I was cited as an example of someone who benefited from the scheme and who was able to secure a training contract with a highly-regarded specialist firm as a result - a firm at which I continue to work and at which, the LSC was keen to point out, my work has recently been recognised with a nomination for a Young Legal Aid Lawyer of the Year award.
The LSC training grant scheme is one of the few LSC policy successes in recent years and so, on one level, I was glad to hear that it is being continued.
However, there is no point holding me up as an example of one of the scheme's success stories whilst simultaneously pushing through a package of reforms which will, from October 2007, make it impossible for me to continue to carry out the specialist casework that has led to my nomination.

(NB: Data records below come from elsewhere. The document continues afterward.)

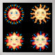 Vier Sonnenkollektoren in leuchtend gelb blau rot und orange auf einem schwarzen schwarzen Boden in diesem Poster.
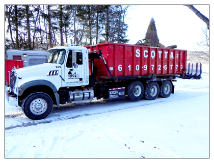 Scotta Equipment and Materials Sales and Leasing, LLC (Scotta) is a licensed waste collector that can haul municipal waste, demolition materials, or yard/organic waste. We offer many different sizes of “Roll-Off” containers that are delivered to your location on short or long term contracts depending on your requirements and needs. All organic waste is hauled to our Pennsylvania D.E.P. approved recycling center, ”Scott Farms” to be turned into mulches or top soils.
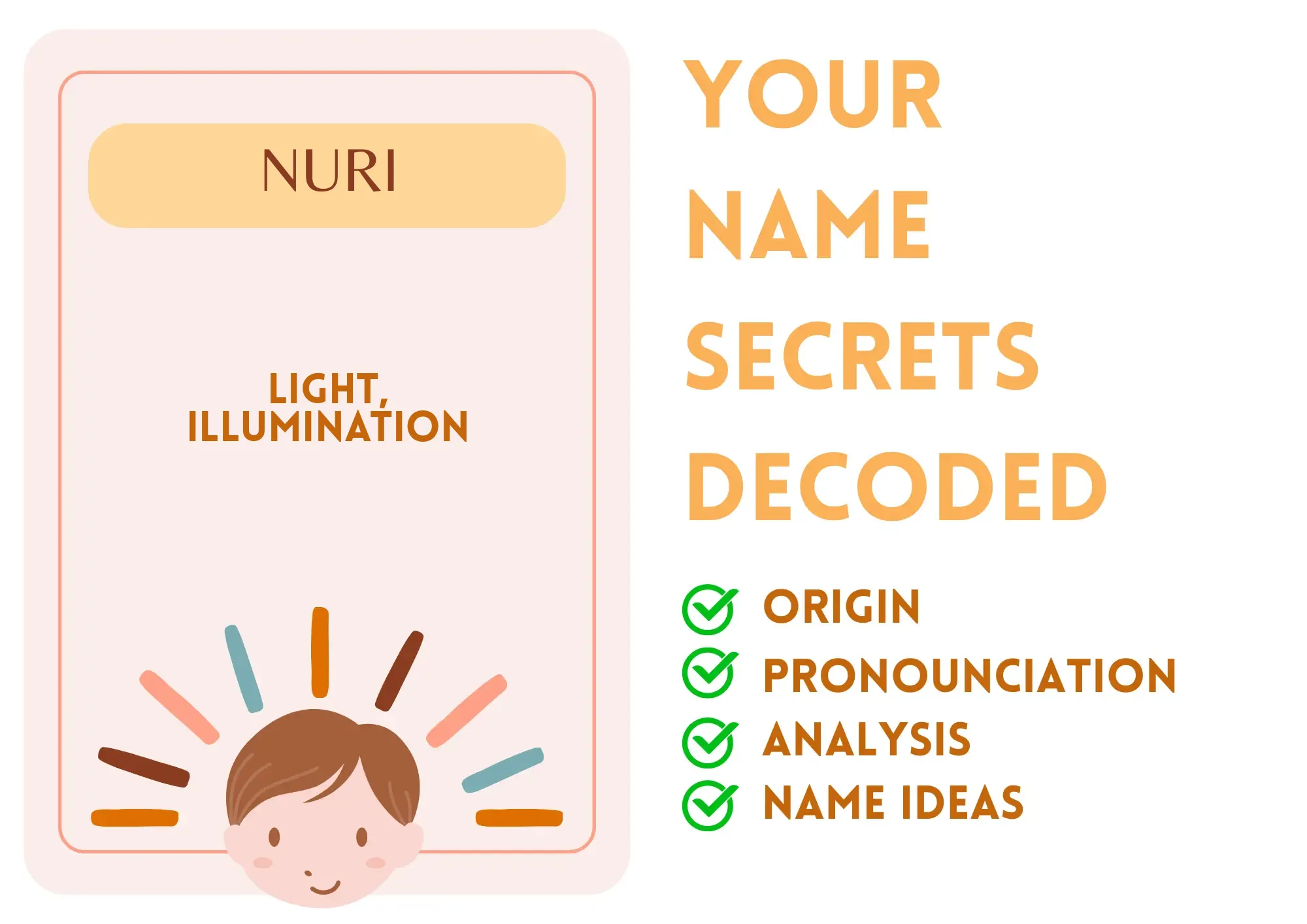 Imagine walking into a room and feeling the warmth of sunlight streaming in— that's the essence of Nuri! It’s a name that carries the powerful vibe of "light" and "illumination." Just like the first rays of dawn that chase away shadows, Nuri is like a breath of fresh air, filled with positivity and energy. When you meet a Nuri, you can’t help but feel a wave of warmth and a gentle push to be your best self. The name has a melodic ring to it, making it not just easy to remember, but also a joy to say!
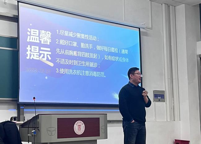会上,齐永晓首先从安全教育工作、留校管理要求等方面展开,强调了消防安全、人身财产安全、交通出行安全和防范电信诈骗,告诫同学们要严格遵守寒假留校安全管理制度,增强安全防范意识,筑起一道保障假期留校学生认真学习、积极实践的“安全屏障”。叮嘱寒假留校同学们要紧绷安全之弦,主动与老师、父母、亲朋好友联络,充分利用假期留校时间开展科学研究和个人学习,收获学习科研果实、学有所成,希望同学们度过一个安全、充实、愉快的假期。

It will be impossible because, from October 2007, my firm faces a pay-cut of over 50% for all Legal Help work and will, from that point, be paid the same amount per case for the work that I carry out as an unqualified CLS Direct adviser working in a call centre on £16,000 per annum.
If the LSC wants a new generation of talented legal aid lawyers, there is no point luring them into legal aid with training grants if, on qualification, the dumbing-down of legal aid means that their specialist skills will go to waste.